FOMC Meeting Preview: Three Key Themes to Watch
Matt Weller, CFA, CMT June 9, 2020 3:27 PM
Chairman Powell could prioritize pulling back stimulus to reinforce the Fed’s independence from political influence.
Ironically, as central banks across the globe have become more relevant than ever to the smooth functioning and valuation of financial markets, their scheduled monetary policy meetings have declined in terms of market significance. Put simply, central banks like the Federal Reserve have been introducing new measures and policies on an “as needed” basis, rather than waiting weeks for their next monetary policy meeting.
We’ve seen this exact dynamic play out already this week, with the Fed opting to expand its “Main Street” lending program yesterday, a mere two days before its regularly scheduled meeting, in an effort to support small- and mid-sized businesses as soon as possible. With interest rates already pinned to 0.0% and the Fed steadfastly refusing to entertain negative rates, traders should get accustomed to the central bank relying on non-traditional monetary policy tools for the foreseeable future.
When it comes to this week’s meeting, traders should focus on three key themes:
1) Economic Projections
After forgoing quarterly projections in March given the elevated uncertainty, all indications suggest that the Fed will update its economic outlook this time around.
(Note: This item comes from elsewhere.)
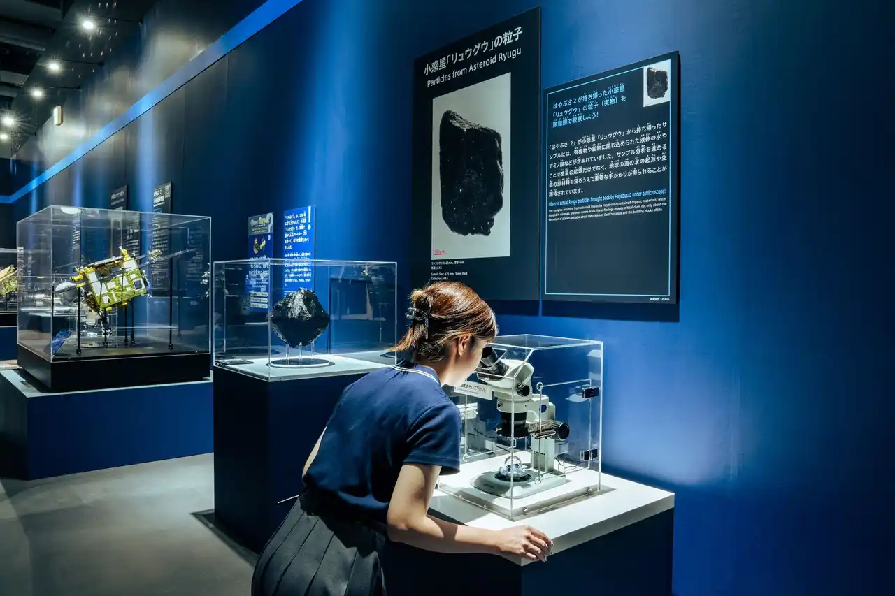 太陽系の起源を解明する重要な粒子(実物)を顕微鏡で観察できます。さまざまな困難を経て地球に持ち帰られた、日本の宇宙探査技術の結晶です。 |

While there will no doubt be a wider-than-usual range of uncertainty around all the projections, traders will key in on forecasts for economic growth, inflation, and of course, interest rates (the infamous “dot plot”).
In recent weeks, other central banks have upgraded their predictions for economic growth from the highly pessimistic outlooks given in March and April, but there’s no denying that Q2 is likely to be the worst economic contraction since at least the Great Depression; of note, the Atlanta Fed’s GDPNow forecast currently projects a staggering -54% annualized decline in Q2. Nonetheless, forward-looking traders will be more interested in the Fed’s projections for the (presumed) recovery in the second half of the year.
Finally, readers should also keep a close eye on the “dot plot” of interest rate expectations. The median central banker is likely to project interest rates remaining at 0.0% through 2022, but any dispersion (say, above 0.5% or into negative territory) could provide a hint of which way some of the fringe central bankers are leaning.
2) Potential for Yield Curve Control (YCC)
Over the weekend, the Wall Street Journal reported that the Fed was “thinking hard about” yield curve control. In this type of program, the central bank would take measures to ensure certain longer-term interest rates do not rise sharply. Traditionally, central banks have their biggest influence on short-term interest rates, but Powell and Company could be looking at ways to influence longer maturities as the 10yr-2yr treasury spread just hit its highest levels since early 2018, despite the weak economy.
3) Any Hints About Reining in Easing Measures
Finally, and perhaps most importantly, traders will watch for indications that the FOMC could rein in some of its stimulus measures in the coming weeks. The optics of the worst unemployment rate in a century combined with stock markets near record highs has led to public skepticism of the Fed’s independence (see the popular “Money printer go BRRRRRR!” meme as an example). Though each individual action the central bank has taken over the last few months was justifiable at the time, it’s led to a confusing cacophony of opaque stimulus programs including CPFF, PDCF, MMFLF, PMCCF, SMCCF, TALF, PPPLF and MLP. With less than five months to go ahead of the US election, Chairman Powell could prioritize pulling back stimulus to reinforce the Fed’s independence from political influence.
Source: GAIN Capital
Potential Market Reaction
Of course, all the above background information is useful to traders only insofar as it impacts financial markets. In that vein, if Chairman Powell leaves the door open to negative interest rates or intimates that the Fed still has plenty of ammo to stimulate the economy, US stock indices could extend their gains toward record highs, with the US dollar as a potential casuality. On the other hand, any discussion around reining in stimulus could prompt exuberant equity traders to reconsider the dour underlying economic situation. This scenario could lead to a pullback in US stocks and support the beaten-down greenback.